> **The problem**:
Everything from the line with "大理石,簡一大理石瓷磚,水刀平花,實木木工板,石膏板吊頂,多樂士乳膠漆。" to the line with "Mời độc giả" in the listing below, both lines included, needs to be copied exactly, apart from the pictures.

> **Records to process**:
= Beginning of Section =

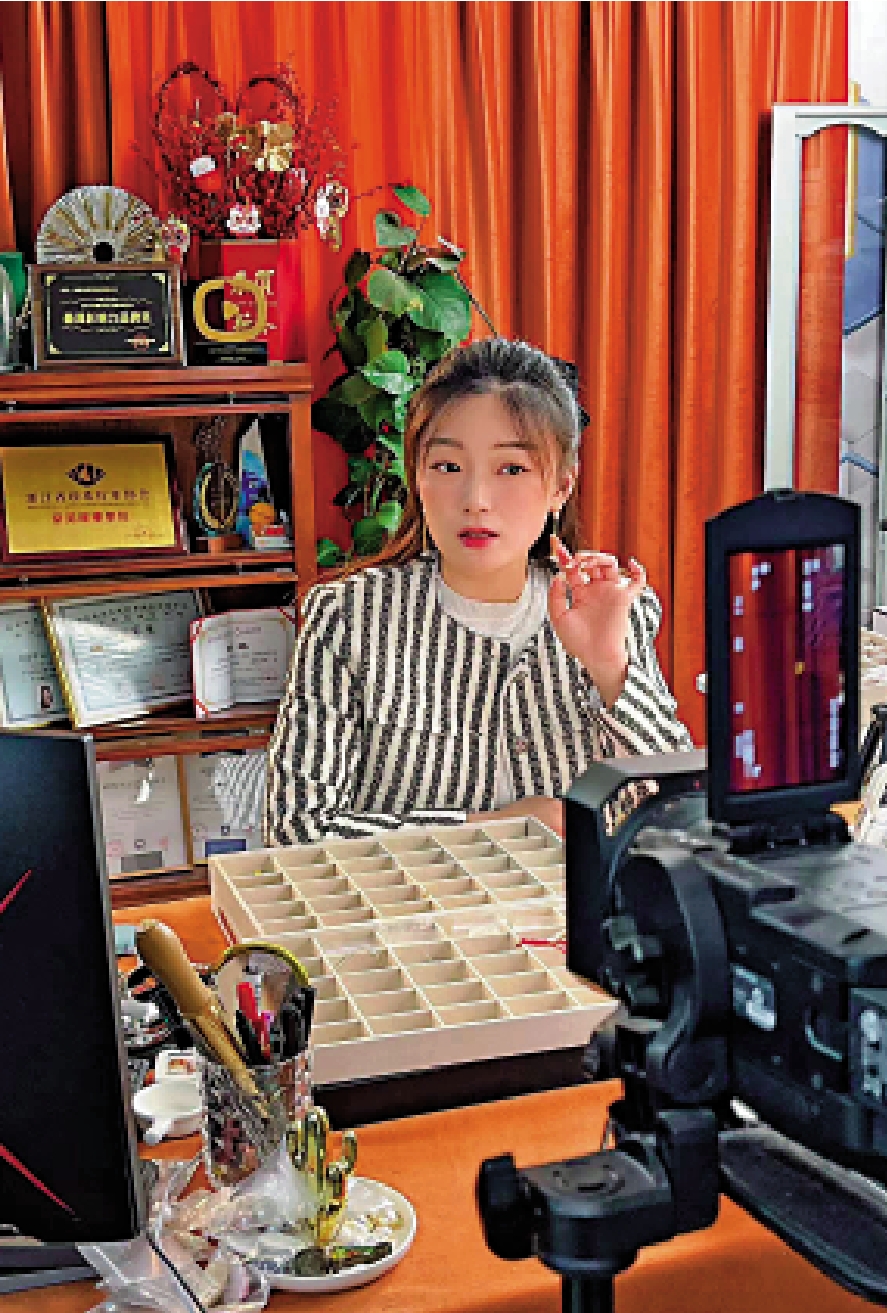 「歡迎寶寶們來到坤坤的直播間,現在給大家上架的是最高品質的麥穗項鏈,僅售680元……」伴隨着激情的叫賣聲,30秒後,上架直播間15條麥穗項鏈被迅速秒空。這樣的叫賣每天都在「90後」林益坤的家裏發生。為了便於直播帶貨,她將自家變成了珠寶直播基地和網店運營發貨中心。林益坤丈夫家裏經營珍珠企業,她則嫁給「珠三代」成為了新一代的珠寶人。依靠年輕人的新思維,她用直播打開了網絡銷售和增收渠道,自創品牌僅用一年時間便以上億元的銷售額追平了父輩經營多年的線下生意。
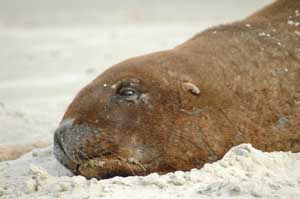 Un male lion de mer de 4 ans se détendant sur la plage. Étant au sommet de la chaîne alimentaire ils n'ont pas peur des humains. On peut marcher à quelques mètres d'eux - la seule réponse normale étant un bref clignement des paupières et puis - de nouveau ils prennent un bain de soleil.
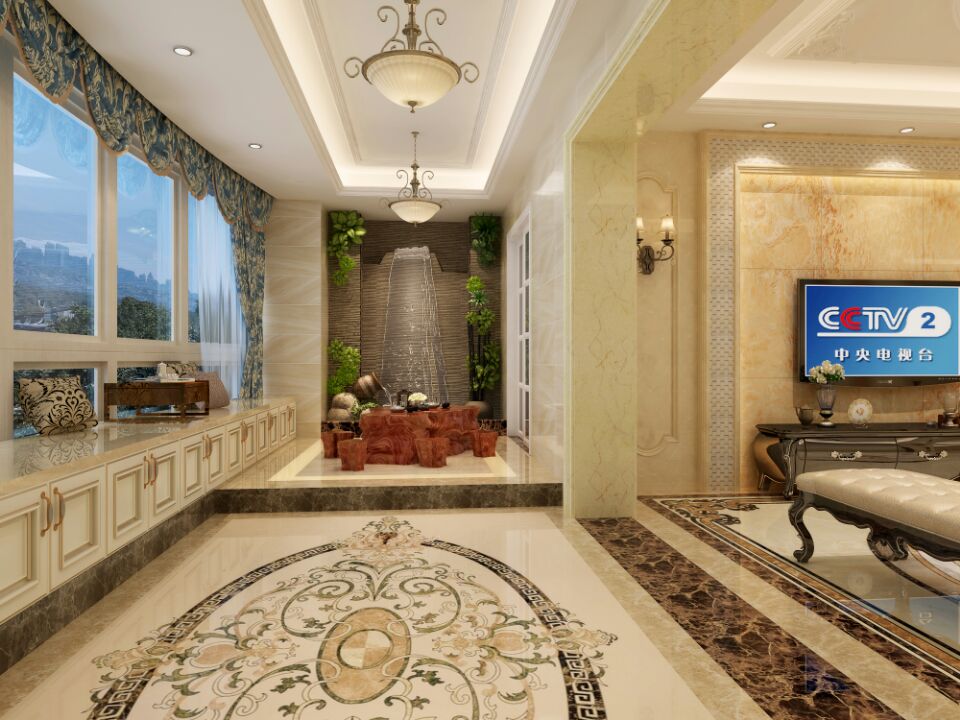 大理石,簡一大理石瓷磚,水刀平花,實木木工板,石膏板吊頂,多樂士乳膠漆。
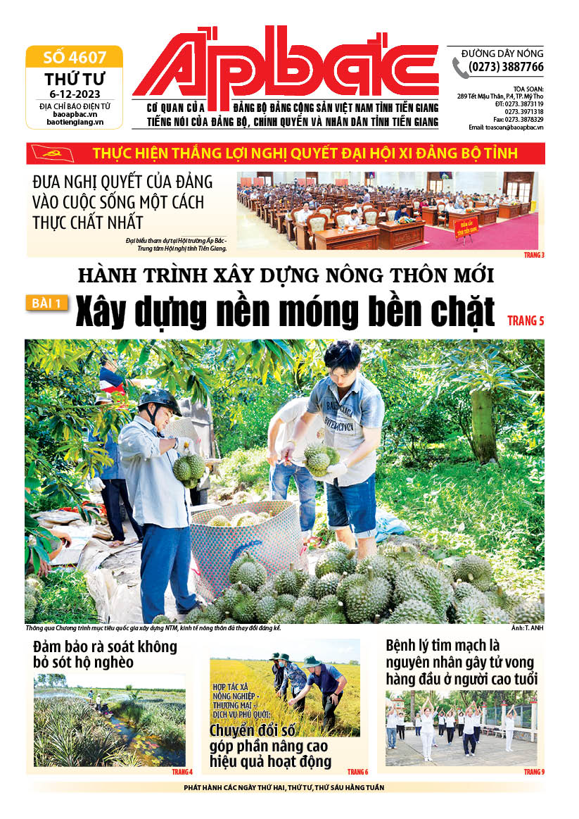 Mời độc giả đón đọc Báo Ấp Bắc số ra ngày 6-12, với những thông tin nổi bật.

= End of Section =
= Beginning of Section =

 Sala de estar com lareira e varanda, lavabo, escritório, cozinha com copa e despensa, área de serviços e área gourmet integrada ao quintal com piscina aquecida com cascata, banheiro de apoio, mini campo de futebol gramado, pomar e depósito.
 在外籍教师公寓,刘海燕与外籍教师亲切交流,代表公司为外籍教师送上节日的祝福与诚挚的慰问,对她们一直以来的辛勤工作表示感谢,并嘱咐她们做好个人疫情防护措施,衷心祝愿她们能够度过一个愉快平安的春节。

= End of Section =
= Beginning of Section =

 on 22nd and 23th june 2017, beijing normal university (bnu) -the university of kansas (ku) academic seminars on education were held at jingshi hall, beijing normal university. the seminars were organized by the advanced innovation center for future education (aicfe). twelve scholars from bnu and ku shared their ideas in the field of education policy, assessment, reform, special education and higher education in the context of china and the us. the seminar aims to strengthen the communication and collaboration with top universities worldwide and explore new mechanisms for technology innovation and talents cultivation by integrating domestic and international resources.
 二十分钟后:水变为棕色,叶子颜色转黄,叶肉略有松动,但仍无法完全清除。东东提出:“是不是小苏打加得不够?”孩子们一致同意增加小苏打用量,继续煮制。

= End of Section =

> **Solution to this problem**:
 大理石,簡一大理石瓷磚,水刀平花,實木木工板,石膏板吊頂,多樂士乳膠漆。
 Mời độc giả đón đọc Báo Ấp Bắc số ra ngày 6-12, với những thông tin nổi bật.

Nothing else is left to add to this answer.